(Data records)
+++

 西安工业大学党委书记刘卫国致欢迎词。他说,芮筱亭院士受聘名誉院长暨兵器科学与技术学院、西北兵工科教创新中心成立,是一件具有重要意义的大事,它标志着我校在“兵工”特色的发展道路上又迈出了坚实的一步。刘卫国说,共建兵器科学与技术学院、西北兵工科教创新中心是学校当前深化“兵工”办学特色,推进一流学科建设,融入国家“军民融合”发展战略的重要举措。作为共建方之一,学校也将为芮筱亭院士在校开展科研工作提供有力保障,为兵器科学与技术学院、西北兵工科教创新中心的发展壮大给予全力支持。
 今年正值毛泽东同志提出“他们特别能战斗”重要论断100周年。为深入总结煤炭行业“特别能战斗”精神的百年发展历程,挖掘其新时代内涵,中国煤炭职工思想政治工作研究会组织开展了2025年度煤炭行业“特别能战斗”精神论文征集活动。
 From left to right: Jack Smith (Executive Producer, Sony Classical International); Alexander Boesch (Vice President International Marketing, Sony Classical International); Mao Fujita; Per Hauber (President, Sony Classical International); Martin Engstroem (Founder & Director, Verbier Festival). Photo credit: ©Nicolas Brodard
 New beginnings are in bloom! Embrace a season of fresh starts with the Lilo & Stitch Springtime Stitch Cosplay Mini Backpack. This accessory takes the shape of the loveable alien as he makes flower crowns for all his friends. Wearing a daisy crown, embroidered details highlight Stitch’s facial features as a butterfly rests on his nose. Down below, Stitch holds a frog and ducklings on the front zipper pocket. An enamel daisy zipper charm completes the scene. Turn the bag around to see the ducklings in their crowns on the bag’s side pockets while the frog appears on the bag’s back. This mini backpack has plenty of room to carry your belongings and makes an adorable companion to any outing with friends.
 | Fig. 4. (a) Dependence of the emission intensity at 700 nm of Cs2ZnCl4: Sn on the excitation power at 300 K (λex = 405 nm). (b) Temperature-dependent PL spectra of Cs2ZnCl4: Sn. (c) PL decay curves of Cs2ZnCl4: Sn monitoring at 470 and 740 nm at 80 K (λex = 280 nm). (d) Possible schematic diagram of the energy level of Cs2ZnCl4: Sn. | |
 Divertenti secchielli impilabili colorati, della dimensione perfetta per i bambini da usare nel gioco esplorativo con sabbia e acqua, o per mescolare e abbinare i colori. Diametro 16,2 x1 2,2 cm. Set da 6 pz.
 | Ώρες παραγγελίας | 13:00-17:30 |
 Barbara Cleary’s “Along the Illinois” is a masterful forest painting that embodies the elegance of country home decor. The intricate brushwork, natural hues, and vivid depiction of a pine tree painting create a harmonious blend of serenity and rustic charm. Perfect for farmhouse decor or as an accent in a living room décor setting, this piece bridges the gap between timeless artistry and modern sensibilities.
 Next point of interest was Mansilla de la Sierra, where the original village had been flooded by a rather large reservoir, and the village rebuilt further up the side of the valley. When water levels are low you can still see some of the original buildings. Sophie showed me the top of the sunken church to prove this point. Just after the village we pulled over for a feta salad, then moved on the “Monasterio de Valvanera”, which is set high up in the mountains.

+++

Word for word, please print every line from the beginning of the records to the line bearing "New beginnings are", counting both ends and stopping there.

 西安工业大学党委书记刘卫国致欢迎词。他说,芮筱亭院士受聘名誉院长暨兵器科学与技术学院、西北兵工科教创新中心成立,是一件具有重要意义的大事,它标志着我校在“兵工”特色的发展道路上又迈出了坚实的一步。刘卫国说,共建兵器科学与技术学院、西北兵工科教创新中心是学校当前深化“兵工”办学特色,推进一流学科建设,融入国家“军民融合”发展战略的重要举措。作为共建方之一,学校也将为芮筱亭院士在校开展科研工作提供有力保障,为兵器科学与技术学院、西北兵工科教创新中心的发展壮大给予全力支持。
 今年正值毛泽东同志提出“他们特别能战斗”重要论断100周年。为深入总结煤炭行业“特别能战斗”精神的百年发展历程,挖掘其新时代内涵,中国煤炭职工思想政治工作研究会组织开展了2025年度煤炭行业“特别能战斗”精神论文征集活动。
 From left to right: Jack Smith (Executive Producer, Sony Classical International); Alexander Boesch (Vice President International Marketing, Sony Classical International); Mao Fujita; Per Hauber (President, Sony Classical International); Martin Engstroem (Founder & Director, Verbier Festival). Photo credit: ©Nicolas Brodard
 New beginnings are in bloom! Embrace a season of fresh starts with the Lilo & Stitch Springtime Stitch Cosplay Mini Backpack. This accessory takes the shape of the loveable alien as he makes flower crowns for all his friends. Wearing a daisy crown, embroidered details highlight Stitch’s facial features as a butterfly rests on his nose. Down below, Stitch holds a frog and ducklings on the front zipper pocket. An enamel daisy zipper charm completes the scene. Turn the bag around to see the ducklings in their crowns on the bag’s side pockets while the frog appears on the bag’s back. This mini backpack has plenty of room to carry your belongings and makes an adorable companion to any outing with friends.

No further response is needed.